On September 6, knowing full well that some tasteless (unlike the Sweet Onion Chicken Teriyaki footlong) company would shamelessly exploit the grief surrounding September 11th to sell cellphones or some other meaningless piece of garbage (and they did!), the Onion published a fake Subway coupon, for a meal you will “never forget.”
“With a number of terrific discounts on special sandwiches as well as our classic footlongs, you’ll always remember where you were on Subtember 11,” Subway president Fred DeLuca told reporters, referring to Subway’s special promotion in which, for a limited time only, visitors of the restaurant’s tens of thousands of franchise locations will be able to “fly on in” and pick up two footlong subs of their choice for only $9.11. “From the Structural Steel Melt on Tower 7–Grain bread to the Twin Chowers cold cut combo with Ground Zero–Carb vinaigrette on a Let’s Whole Wheat Roll, we’ve got something for everybody this Subtember 11.” DeLuca added that the special promotion will be “first responders, first served.” (Via)
Where were you (when the microwave stopped turning and your Chicken & Bacon Ranch Melt was ready)? The coupon itself looked incredibly real, so much so that, according to Gothamist, one Subway location accepted it.

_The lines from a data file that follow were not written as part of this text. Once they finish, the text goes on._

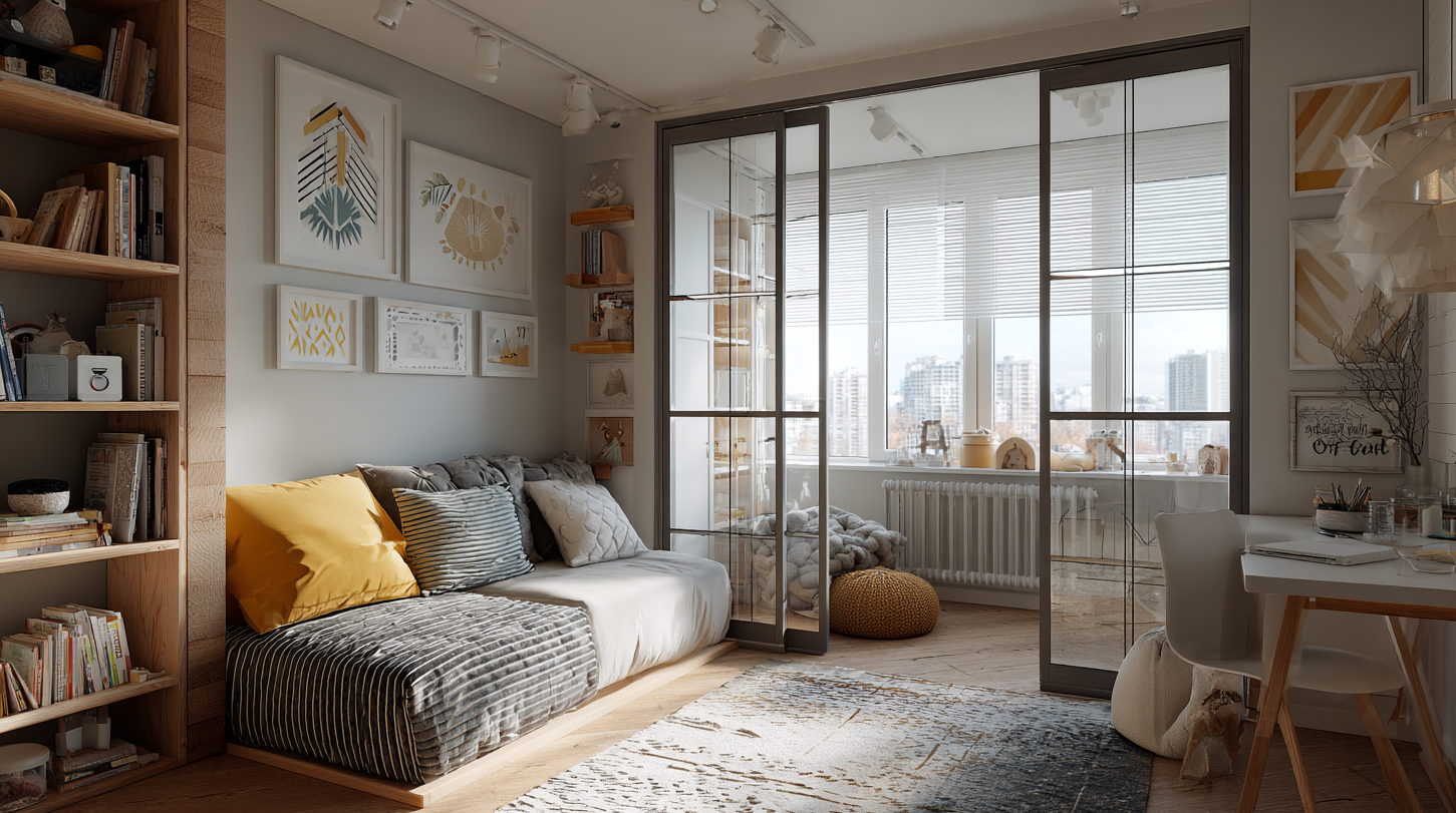 Один из самых популярных вариантов — разделить большую гостиную перегородкой, создав компактную спальню для ребенка. Используются гипсокартонные или стеклянные перегородки с хорошей шумоизоляцией. Если окно одно, важно продумать свет — можно установить стеклоблоки или зону с прозрачными вставками, чтобы дневной свет проходил в обе комнаты. В «Ремонтной группе» мы часто используем раздвижные системы и скрытые двери — они сохраняют визуальное пространство и делают интерьер современным.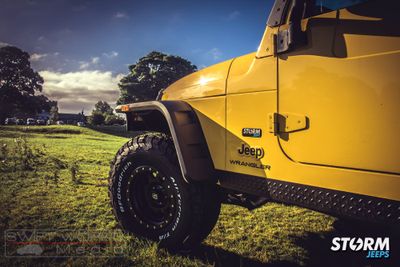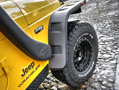 The Rugged Ridge Hurricane Flat Fender Flares feature a unique double bolt pocket as a modern spin on classic pocket flare styling. Engineered for both form and function, the fender flare’s unique shape complements the Wrangler’s rugged looks and lines, while mounting high up on the fender for extra clearance for oversized wheels and tires and thereby offering 2.89 –inch more tire coverage and 1-inch more tire clearance over similar OE designs. Each flare features a 2-inch larger wheel opening allowing for larger wheel/tire combos. Each 6.68-inch wide fender flare is constructed from durable black injection molded thermoplastic complete with a set of durable black corrosion resistant fasteners.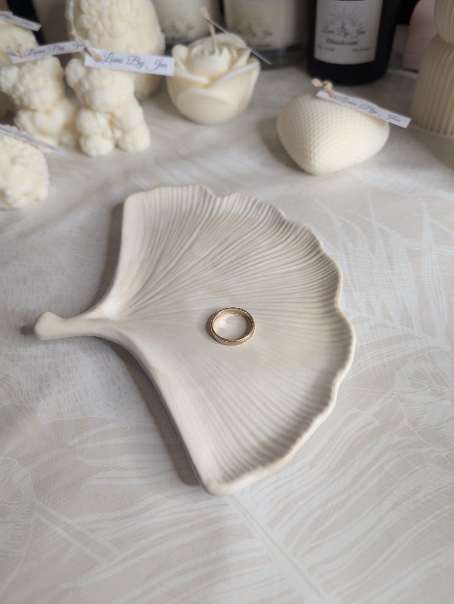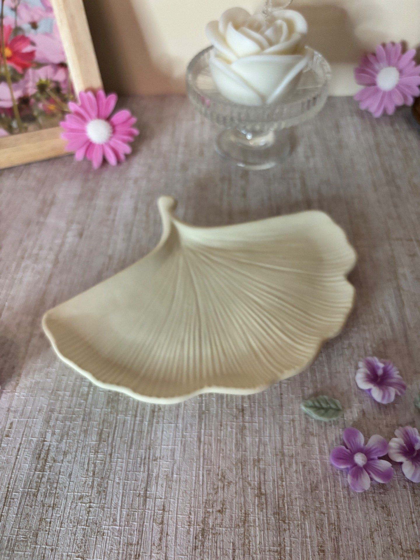 Plateau en forme de feuille de Ginkgo réalisé à la main en poudre de céramique.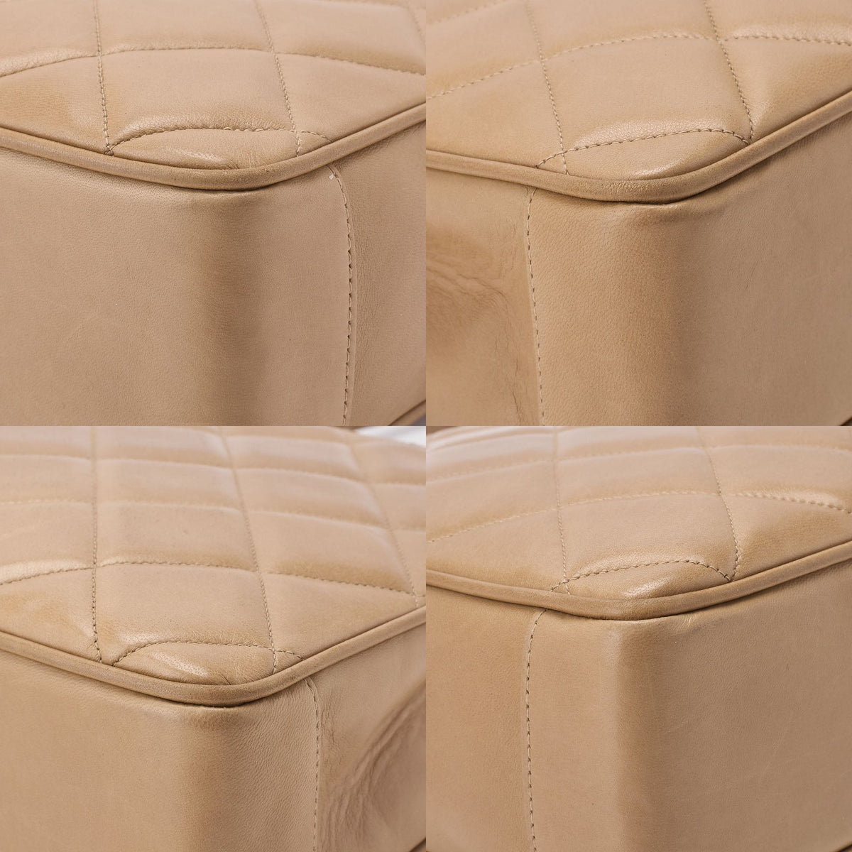 Sac à main d'occasion matelassé avec fermoir tournant en cuir d'agneau beige et matériel doré. D'occasion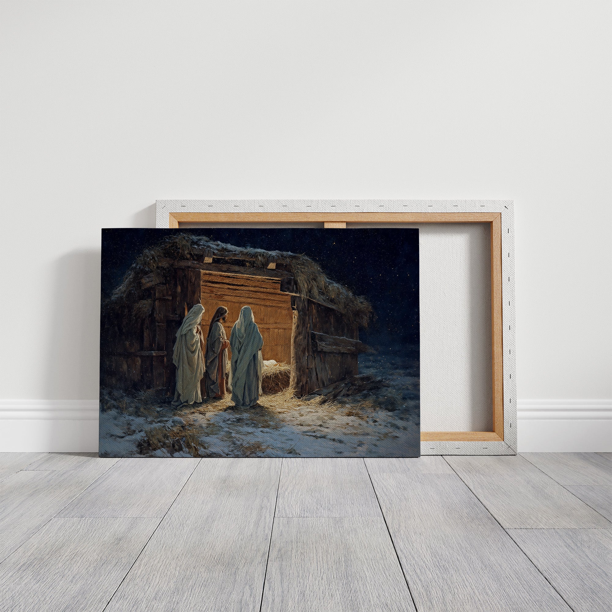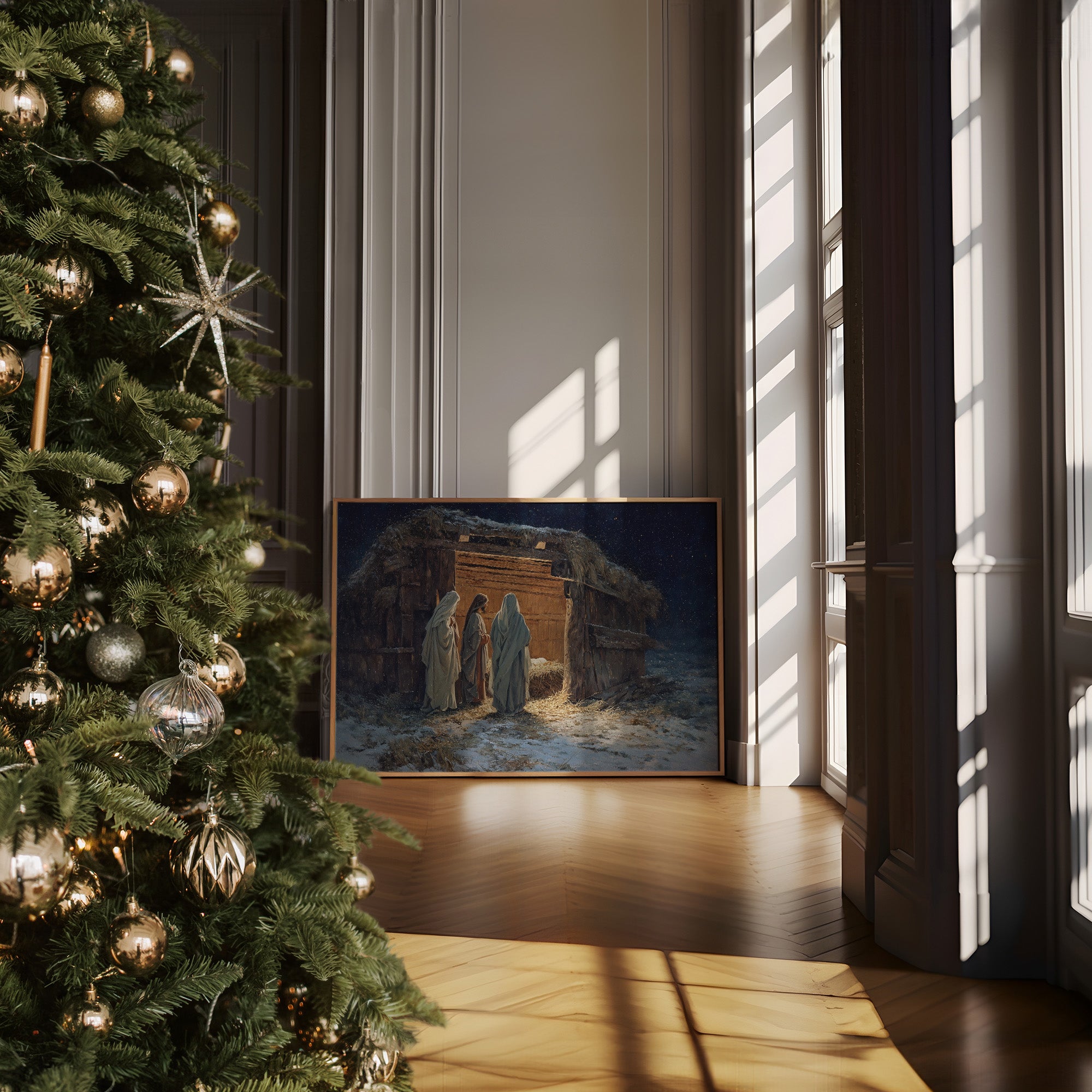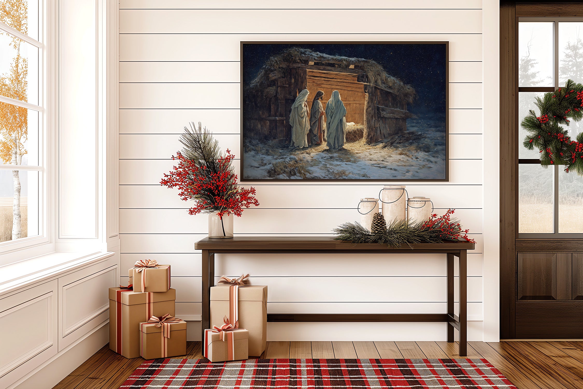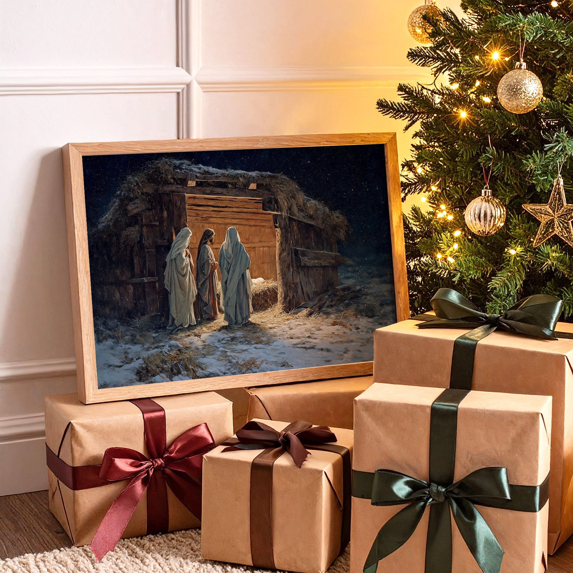 A golden glow spills from a humble doorway into the cold night, drawing three robed figures toward its warmth. The contrast between the dark starlit sky and the luminous interior creates a moment of profound anticipation. Rich textures of rough-hewn wood, weathered stone, and flowing fabric tell a story of journey and discovery, while scattered snow and twinkling stars add touches of winter magic. This contemplative scene brings a sense of reverence to any space, perfect for creating a focal point in a living room or study where quiet reflection is welcomed.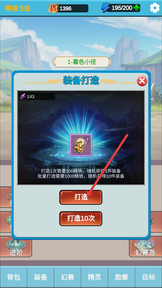 2、進入裝備打造界面,消耗100精鐵可打造1次裝備,批量打造需1000精鐵,通過打造獲取裝備來提升角色戰力。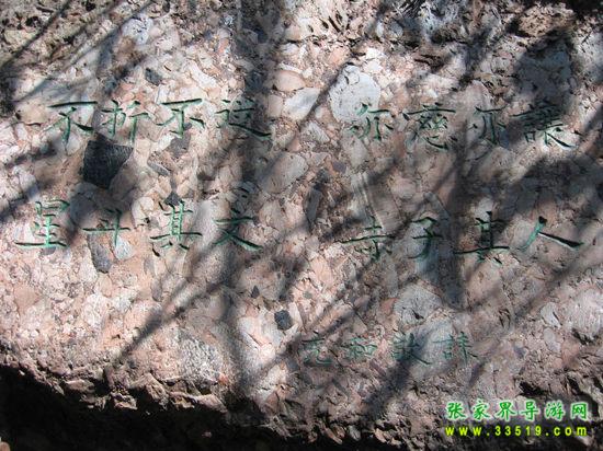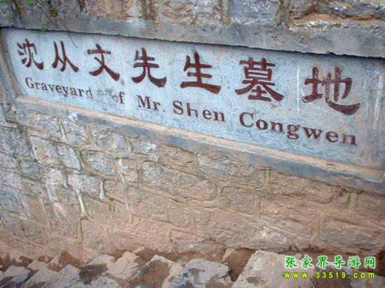 從古城的東門城樓外的虹橋前沿江下行3華里路程,到得聽濤山,從山道向右拾階而上,不遠處便能看見一塊石碑,上寫“沈從文墓地”5個遒勁大字。再不遠處置有一塊豎長的石碑,上面刻有畫家黃永玉為表叔沈從文題寫的碑文:“一個士兵不是戰(zhàn)死沙場,便是回到故鄉(xiāng)。”墓地建在一塊狹長的小草坪上,沒有墳冢,只樹有一塊6噸多重的天然五彩石,成為沈從文墓獨特的標(biāo)志。石正面鐫刻的是沈從文富有哲學(xué)內(nèi)涵的手跡:“照我思索,能理解我;照我思索,可認識人。”石背面是沈從文的姨妹、美國耶魯大學(xué)教授張充和撰書,沈從文侄女婿、中央美術(shù)學(xué)院著名雕塑家劉煥素教授鐫刻的挽聯(lián):“不折不從,星斗其文;亦慈亦讓,赤子其人。”其聯(lián)句尾四字:“從文讓人”透射出先生一生的高風(fēng)亮德。沈從文墓地清幽靜謐,四周綠樹環(huán)抱,墓地上和四周的草坪上擺放著無數(shù)的野花和竹編的一些蝴蝶,這些都是前來膜拜的旅人們留下的。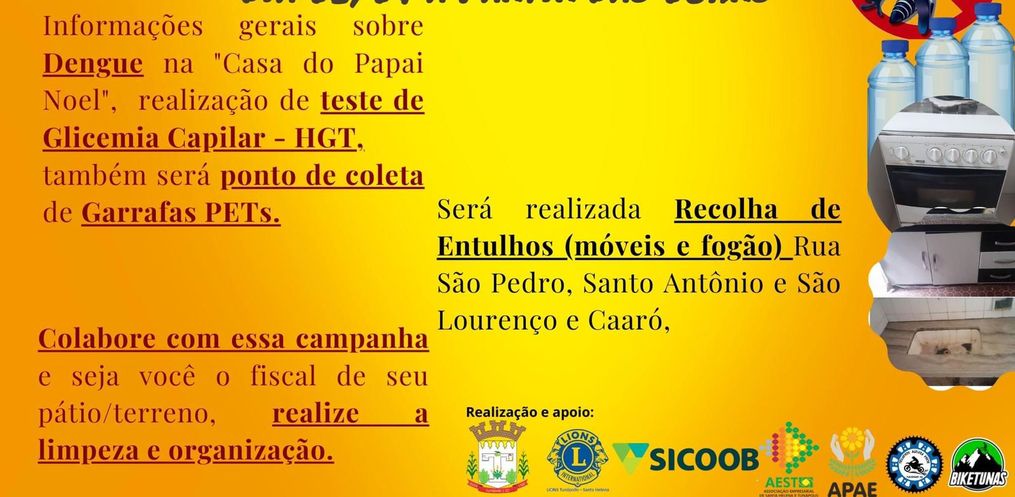 O início será às 8 horas em frente ao Sicoob, na Casa do Papai Noel, onde serão repassadas diversas informações referente a dengue, também será realizado o Teste de Glicemia Capilar, será ponto de coleta de garrafas pet e também serão recolhidos entulhos nas ruas onde no momento a proliferação do mosquito da Dengue está maior.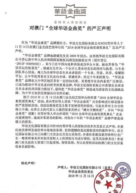 今天(11月15日),“华语金曲奖”官方微博发表了一则声明:“华语金曲奖”品牌由游威先生在2009年创办,由华语文化国际有限公司登记获中华人民共和国国家版权局颁发的版权证书(国作登记-2013F-00089202)。内部人士也强调:“版权、品牌使用权都在我们这里,澳门的这个(全球华语金曲奖)我们跟进了几个月了,它就是一个侵权的东西。”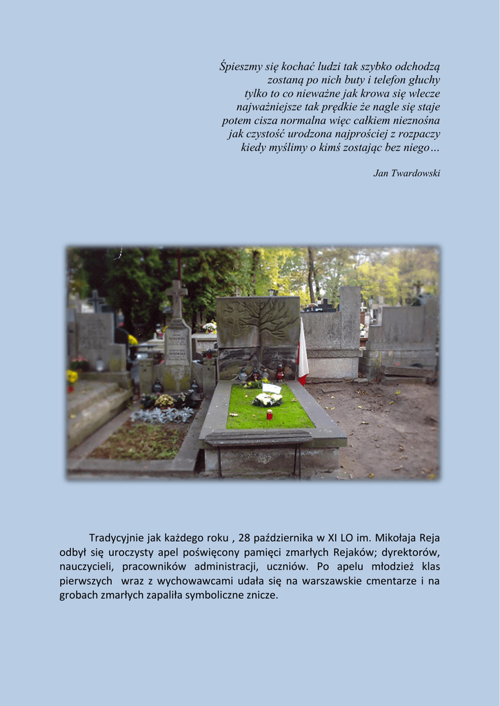 Śpieszmy się kochać ludzi tak szybko odchodzą zostaną po nich buty i telefon głuchy tylko to co nieważne jak krowa się wlecze najważniejsze tak prędkie że nagle się staje potem cisza normalna więc całkiem nieznośna jak czystość urodzona najprościej z rozpaczy kiedy myślimy o kimś zostając bez niego… Jan Twardowski Tradycyjnie jak każdego roku , 28 października w XI LO im. Mikołaja Reja odbył się uroczysty apel poświęcony pamięci zmarłych Rejaków; dyrektorów, nauczycieli, pracowników administracji, uczniów. Po apelu młodzież klas pierwszych wraz z wychowawcami udała się na warszawskie cmentarze i na grobach zmarłych zapaliła symboliczne znicze.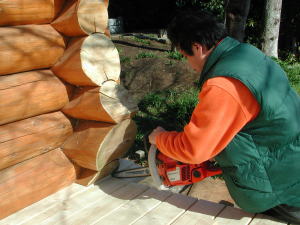 Eログエンドの部分はマルノコで処理できないのでチェーンソーで丁寧にカット。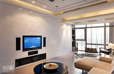 以整面的雪白银狐大理石自玄关进门至观景窗前的设计,内嵌方式规划视听器材,透过间接光源,深具层次魅力。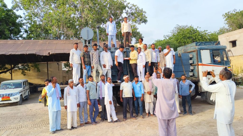 जैसलसर के किसानों को बड़ी राहत मिली है प्रधान प्रतिनिधि श्री केशरा राम गोदारा ने कल 3.15 का पावर ट्रांसफार्मर स्वीकृत करवाया जो आज माननीय मंत्री भंवरसिंह भाटी से मिलकर किसानों के सुपुर्द करवा दिया माननीय मंत्री जी तुरंत फोन कर संबंधित अधिकारियों को आज ही किसानों को देने की बात कही और प्रधान प्रतिनिधि ने साथ जाकर पावर ट्रांसफार्मर किसानों को दिलवाया किसानों की खुशी का कोई ठिकाना नहीं रहा सभी ने माननीय मंत्री का आभार जताया।ग्रामीणों में प्रधान प्रतिनिधि के साथ डूंगरसिंह, रेवंत सिंह,श्रवणराम ,सहीराम , मुकनाराम , चुन्नी लाल ,भंवरलाल ,गणेशा राम ,दीपाराम ,सावंतराम,भैराराम ,शंकरलाल पूनिया ,मामराज , रामनारायण कानाराम ,गोपालाराम ,मूलाराम ,ओमनाथ , अमरनाथ ,सीताराम सारण बीरबल राम,रमेश ,लेखराम , नेमाराम , कानाराम ,हिमणनाथ ,प्रकाश ,मुखराम ,मनीष गिरी ,सहीनाथ व गांव जैसलसर के कई किसान साथ रहे सभी ने प्रधान प्रतिनिधि केशरा राम गोदारा व पूर्व विधायक श्री मंगलाराम गोदारा जी का आभार प्रकट किया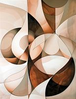 Abstract schilderij met naturel aardetinten en zalmroze accentkleur.
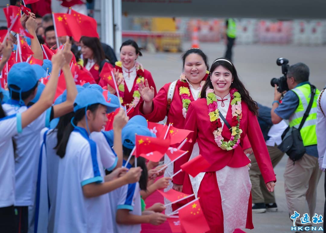 8月29日,香港特區政府在機場停機坪舉行歡迎儀式。當日,2024年巴黎奧運會內地奧運健兒代表團抵港,進行為期3天的訪問活動。圖為運動員張雨霏(前排)等向前來歡迎的學生揮手致意。(香港中通社記者 謝光磊攝)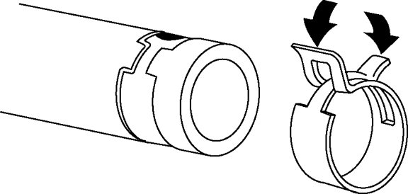- If reusing the hose, install the new hose clamp exactly on the mark left by the previous hose clamp. Then apply force to the hose clamp in the direction of the arrow in order to fit the clamp in place.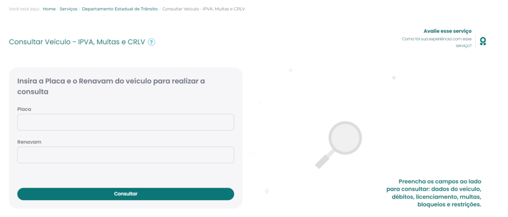 • Documentos e dados do veículo são essenciais para a consulta.

According to the uploader:
I played a prank on my friend and convinced him that The Onion’s satirical 9/11 deal was a real promotion, and when he and my other co-worker (who was in on it) went to grab the food Subway actually honored the promotion. I gave my co-worker a blown up version of the picture that The Onion made for their article and they accepted it. I have a receipt showing a subtotal of $9.11 before taxes. My mind was blown.
Subway was not amused.
As far as gags go, it’s deliciously enjoyable, kind of like Subway’s Meatball Mariana. Eat fresh.